● **Task description**: Keep the images out and set the listing below down word for word.

-=-=-

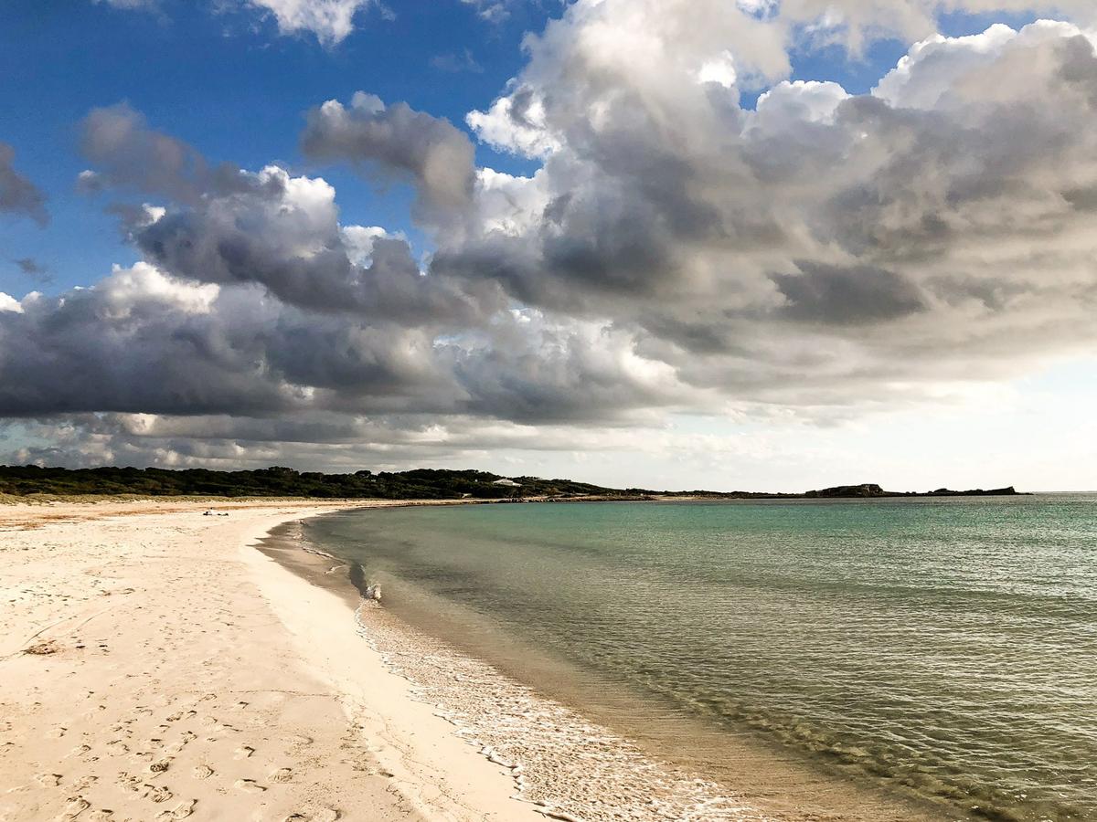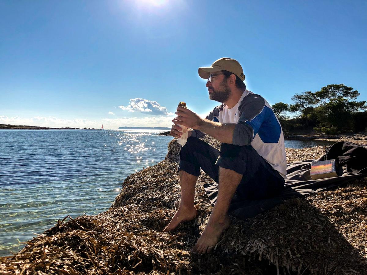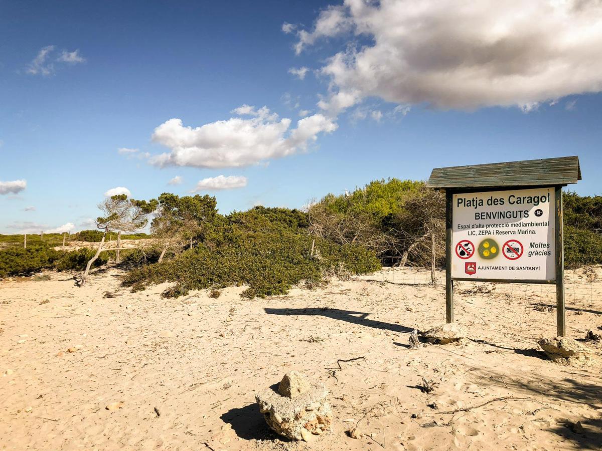 Soñando con la casa que te harías si tuvieras acceso a semejante cantera llegarás a Es Caragol, donde pensarás que sigues soñando. Decir que es una playa paradisíaca es quedarse corto. No le hace justicia. A mediados de otoño, si el cielo está despejado, salpicado de nubes de un blanco intenso y no hace viento, tendrás la sensación de que el reloj se ha detenido. Efectivamente, pensarás que te han traído el Caribe a casa: agua cristalina, arena blanca, un entorno completamente natural, nada de construcciones alrededor —salvo una casa en un costado— y, por suerte, ni un sólo barco fondeado a la vista. ¿Y esto que hace aquí?, pensarás. Y sin coger un avión… En ese tramo, hasta el otro extremo de la playa, no te mancharás los pies de arena: irás flotando.
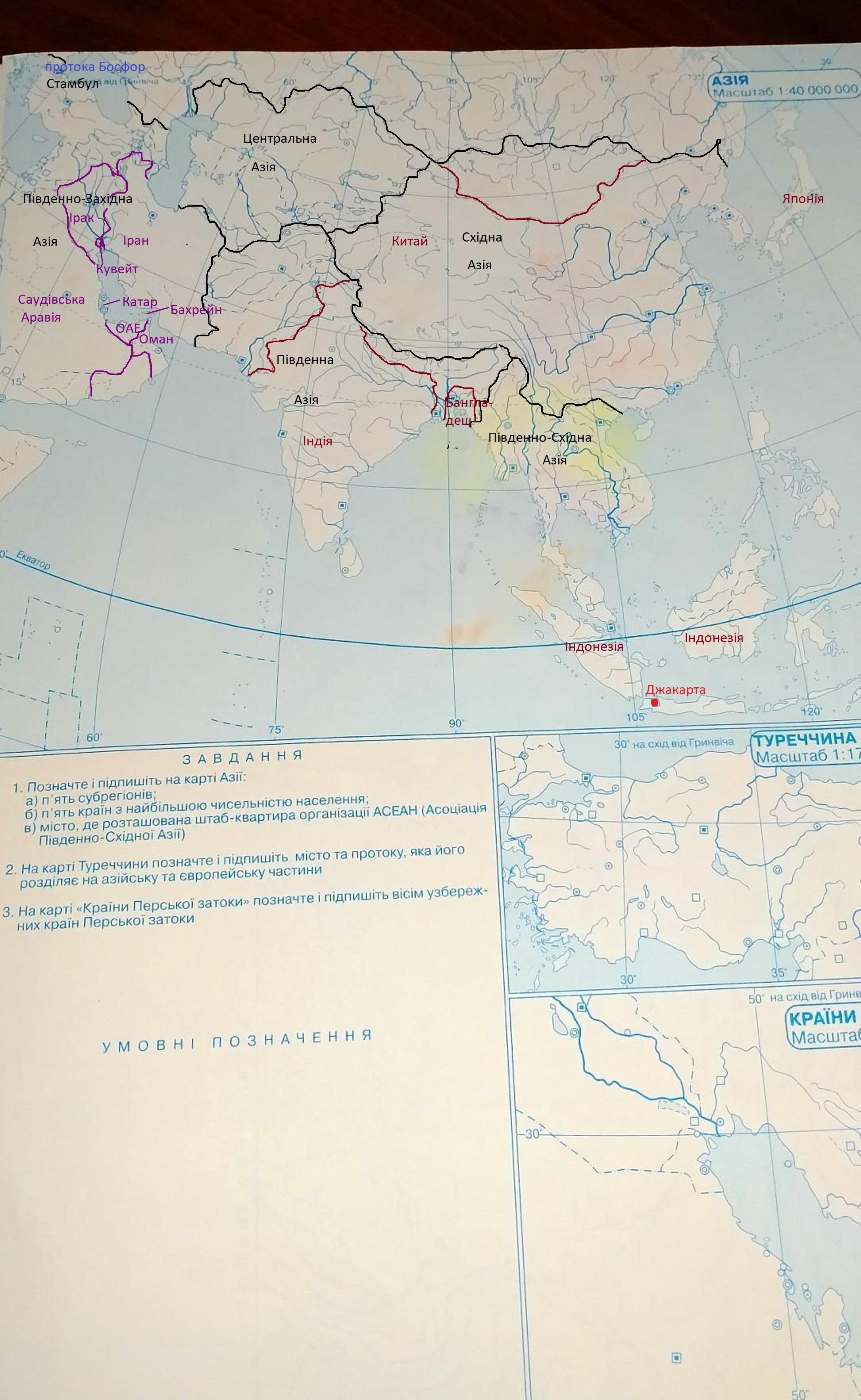 - 1. Позначте і підпишіть на карті Азії:
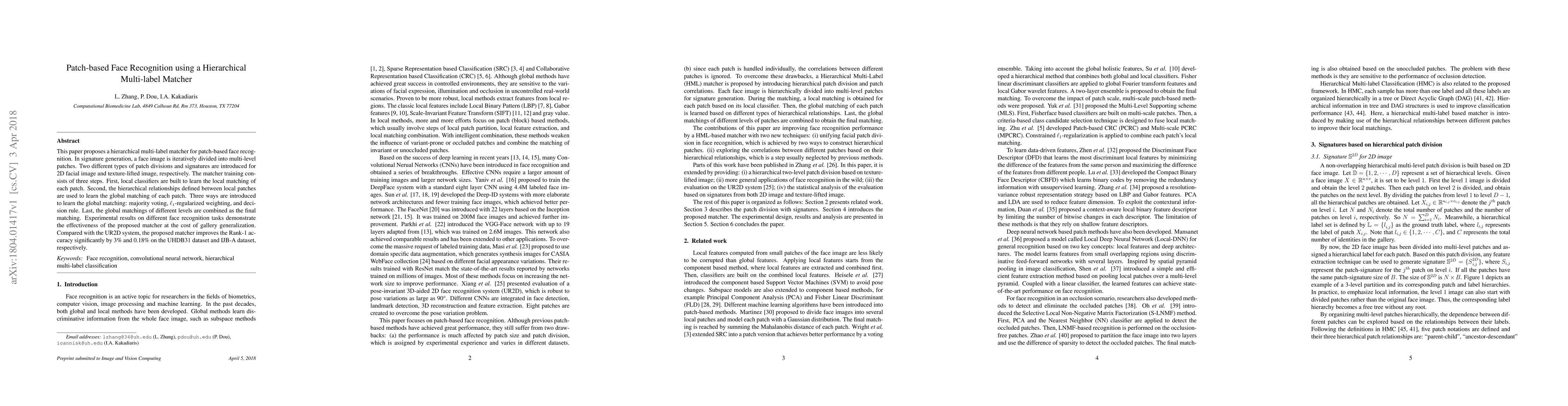 This paper proposes a hierarchical multi-label matcher for patch-based face recognition, improving Rank-1 accuracy by 3% on UHDB31 and 0.18% on IJB-A datasets compared to the UR2D system, through iterative patch division and multi-level matching strategies.
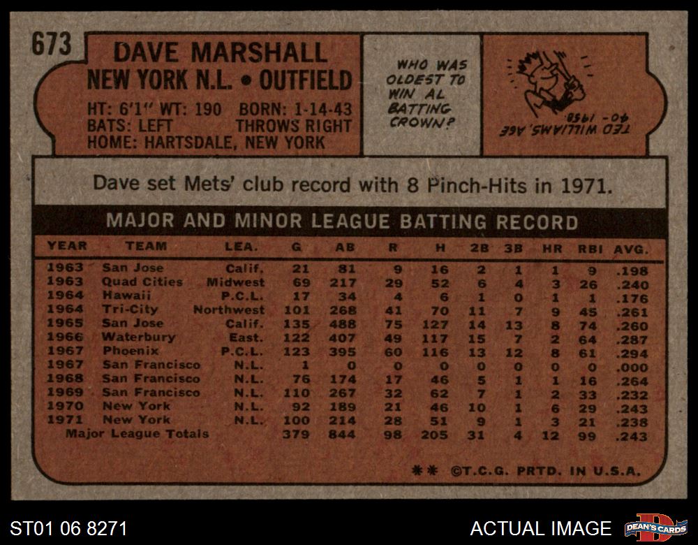 1972 Topps #673 Dave Marshall 6 - EX/MT
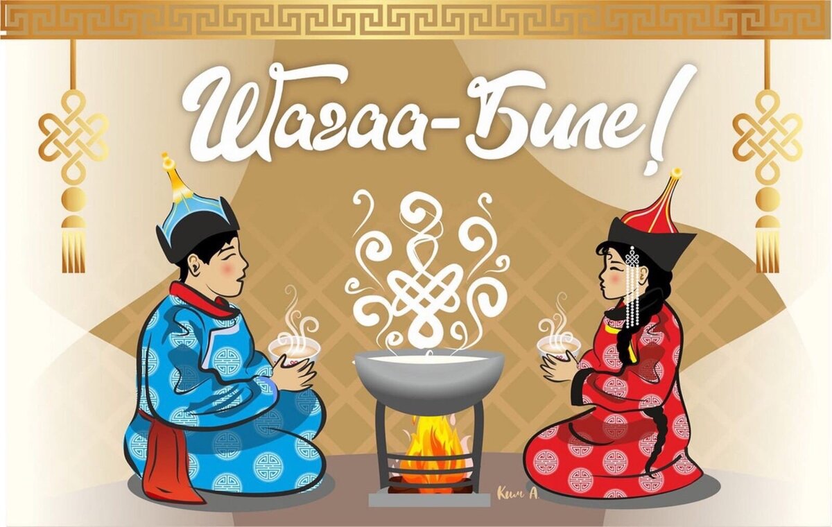 Эрте бурун шагдан Эки бакты көрген Ак-ла салдыг ирей Ажы-төлүн чыггаш, Чаңчылдарны айтып, Чагыг-сөзүн сөглеп, Саңын кыпсып чалбарааш, Чаа хүннү алгаан. Кожумаа: Курай-курай! Черим-чуртум! Өршээ-өршээ! Ажы-төлүм! Ада-иемниң чери-чурту өршээ! Ажым-чемин дээжизин салдым, өршээ! Аас-кежик дилеп тур бис, Шагаа, шагаа, алдын шагаа, Ак-ла салдыг алдын шагаа! Дээрде чыраан шолбан, Херелденген эзим, Эрги чыл-даа аттангаш, Эстип чиде берди. Арттар-сыннар кырын Алдын херел шыпты. Чаа муң чыл эгези Шагаа ныйыр келди. Кожумаа: Курай-курай, оран таңдым! Өршээ-өршээ, арбай-тараам! Бак-ла чүве ыңай турзун, өршээ! Эки-ле чүве бээр турзунам, өршээ! Амыр-тайбың дилеп тур бис, Шагаа-шагаа, алдын шагаа, Ак-ла салдыг алдын шагаа! Хондур-дундур тоолдап, Кожамыктап, кажыктап, Кожа өглер аалдап, Чолушкулап келир. Омак-хөглүг чонум О мани падме хум! Айым, хүнүм,бурганым, Авыралдап камна! Кожумаа: Курай-курай, оран-таңдым! Өршээ-өршээ, арбай-тараам! Бак-ла чүве ыңай турзун, өршээ! Эки-ле чүве бээр турзунам, өршэ
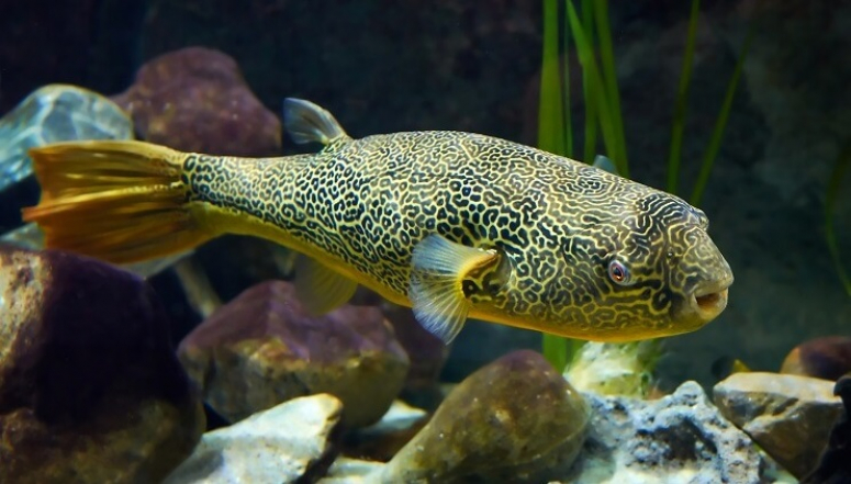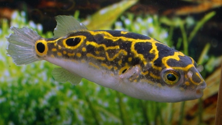 - Тетраодон линеатус – неуживчивая рыба, которую сложно содержать в аквариуме. Чёрно-жёлтые узоры на теле напоминают лабиринт.
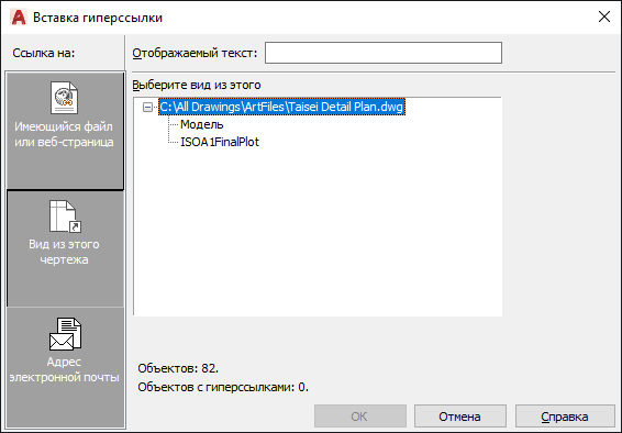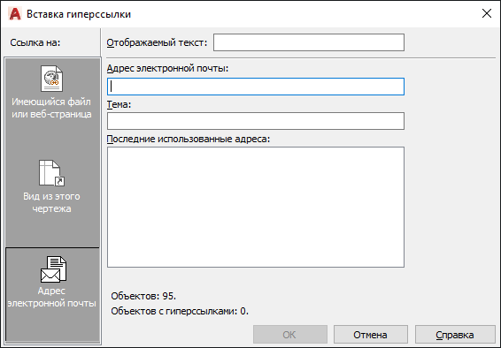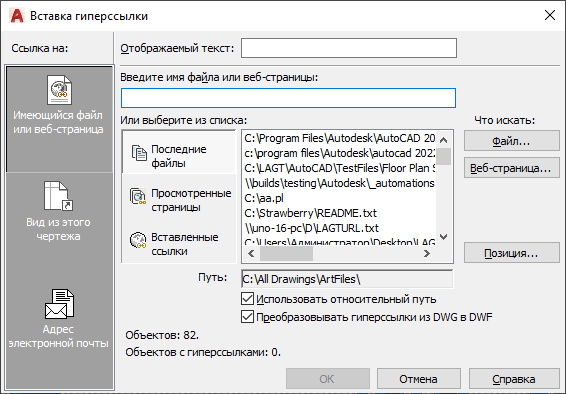 Вывод списка последних назначенных в чертеже гиперссылок.

-=-=-

● **Output of the exercise**:
 Soñando con la casa que te harías si tuvieras acceso a semejante cantera llegarás a Es Caragol, donde pensarás que sigues soñando. Decir que es una playa paradisíaca es quedarse corto. No le hace justicia. A mediados de otoño, si el cielo está despejado, salpicado de nubes de un blanco intenso y no hace viento, tendrás la sensación de que el reloj se ha detenido. Efectivamente, pensarás que te han traído el Caribe a casa: agua cristalina, arena blanca, un entorno completamente natural, nada de construcciones alrededor —salvo una casa en un costado— y, por suerte, ni un sólo barco fondeado a la vista. ¿Y esto que hace aquí?, pensarás. Y sin coger un avión… En ese tramo, hasta el otro extremo de la playa, no te mancharás los pies de arena: irás flotando.
 - 1. Позначте і підпишіть на карті Азії:
 This paper proposes a hierarchical multi-label matcher for patch-based face recognition, improving Rank-1 accuracy by 3% on UHDB31 and 0.18% on IJB-A datasets compared to the UR2D system, through iterative patch division and multi-level matching strategies.
 1972 Topps #673 Dave Marshall 6 - EX/MT
 Эрте бурун шагдан Эки бакты көрген Ак-ла салдыг ирей Ажы-төлүн чыггаш, Чаңчылдарны айтып, Чагыг-сөзүн сөглеп, Саңын кыпсып чалбарааш, Чаа хүннү алгаан. Кожумаа: Курай-курай! Черим-чуртум! Өршээ-өршээ! Ажы-төлүм! Ада-иемниң чери-чурту өршээ! Ажым-чемин дээжизин салдым, өршээ! Аас-кежик дилеп тур бис, Шагаа, шагаа, алдын шагаа, Ак-ла салдыг алдын шагаа! Дээрде чыраан шолбан, Херелденген эзим, Эрги чыл-даа аттангаш, Эстип чиде берди. Арттар-сыннар кырын Алдын херел шыпты. Чаа муң чыл эгези Шагаа ныйыр келди. Кожумаа: Курай-курай, оран таңдым! Өршээ-өршээ, арбай-тараам! Бак-ла чүве ыңай турзун, өршээ! Эки-ле чүве бээр турзунам, өршээ! Амыр-тайбың дилеп тур бис, Шагаа-шагаа, алдын шагаа, Ак-ла салдыг алдын шагаа! Хондур-дундур тоолдап, Кожамыктап, кажыктап, Кожа өглер аалдап, Чолушкулап келир. Омак-хөглүг чонум О мани падме хум! Айым, хүнүм,бурганым, Авыралдап камна! Кожумаа: Курай-курай, оран-таңдым! Өршээ-өршээ, арбай-тараам! Бак-ла чүве ыңай турзун, өршээ! Эки-ле чүве бээр турзунам, өршэ
 - Тетраодон линеатус – неуживчивая рыба, которую сложно содержать в аквариуме. Чёрно-жёлтые узоры на теле напоминают лабиринт.
 Вывод списка последних назначенных в чертеже гиперссылок.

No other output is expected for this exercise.